Summary
Confined feeding operations (CFOs) are enclosed areas where operators confine livestock for the purpose of growing, finishing or breeding them. The Agricultural Operation Practices Act and its regulations set out legislative requirements for CFOs to operate in an environmentally sustainable way. Alberta has about 2,000 CFOs.
The Natural Resources Conservation Board assumed responsibility for administering the Act in 2002. Before 2002, municipalities regulated CFOs under municipal requirements. Over half of Alberta’s CFOs were built before 2002. These CFOs are deemed to have a permit under the Act and do not have to upgrade their facilities to meet its requirements unless the facility poses a risk to the environment, as determined by NRCB.
NRCB enforces CFOs’ compliance with the Act through permitting and compliance monitoring processes. NRCB follows different processes for managing groundwater2 and surface water risks. While NRCB evaluates both groundwater and surface water risks before allowing new and expanding CFOs to operate, its compliance monitoring of existing CFOs has focused on groundwater risk. NRCB relies primarily on complaints to identify surface water risks.
Objective and Scope
We followed up on recommendations from our previous audits of NRCB’s monitoring of CFOs. In 2004, we recommended that NRCB rank its compliance and enforcement activities based on environmental risk, and manage odour and nuisance complaints more efficiently. In our 2007 follow-up audit, we concluded that NRCB had implemented the odour and nuisance complaints part of the recommendation. We repeated the compliance and enforcement part of the recommendation.

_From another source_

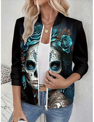 نسائي جاكيت كاجوال الدفء سريع جاف سحاب جيب أنيق موضة يوميا بسيط جماجم عطلة فضفاض مناسب للبس اليومي مناسب للعطلات عادية طوق البيسبول عادي كم طويل ملابس خارجية أزرق أرجواني أخضر الربيع الخريف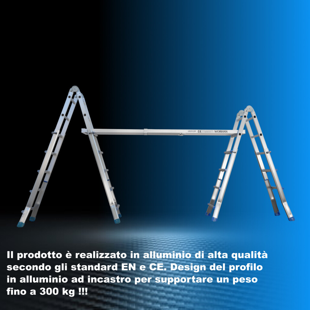 Scala 4.14 m telescopica multifunzione. Forte e stabile scaletta L4

In our 2011 follow-up, we concluded that NRCB had made significant progress with implementing the recommendation but still needed to take additional steps to fully implement it. We also found that NRCB had interpreted our 2004 recommendation (repeated in 2007) as being solely for groundwater. In fact, we had intended this recommendation to cover both groundwater and surface water. Therefore, we made a new recommendation that NRCB should assess whether its current compliance approach is adequate in proactively managing surface water risks.
Conclusion
Groundwater
NRCB made satisfactory progress but has not fully implemented this recommendation. We found that NRCB established a risk-based approach to monitoring conditions at CFOs that pose a higher risk to groundwater. However, NRCB had not documented its internal guidelines or required procedures for leak detection and water well monitoring programs. As a result, NRCB’s monitoring activities were not always timely and key actions and decisions were not always documented.
After our audit, NRCB issued an internal directive—which took effect in May 2013—that describes its requirements for the timing and documentation of actions staff take to monitor groundwater and respond to complaints. We were unable to test the implementation of the directive or the effectiveness of NRCB’s processes to monitor internal compliance because we completed our audit before the directive went into effect.
Surface water
NRCB made satisfactory progress but has not fully implemented this recommendation. We found that NRCB has adequate procedures to ensure operators build new facilities, and expand or modify existing facilities, in a manner that does not pose a risk to surface water. After our audit, NRCB completed an action plan for how it will collect and analyze surface water data, to assess whether its current surface water approach is appropriate. We were unable to test the implementation of the plan because the completion of the first milestone—review and analysis of collected surface water data—is scheduled forthe spring of 2014.
What remains to be done
To fully implement the recommendations, NRCB needs to do the following:
Groundwater Implement a process to effectively monitor internal compliance with NRCB’s:
- policy for risk-based compliance
- directive for leak detection, water well reporting and risk-based compliance programs, and for responding to complaints
Surface water
Demonstrate reasonable progress in implementing its surface water plan by evaluating the collected data and assessing whether its current surface water approach is working.
Implement a process to effectively monitor internal compliance with its data collection requirements in the surface water plan.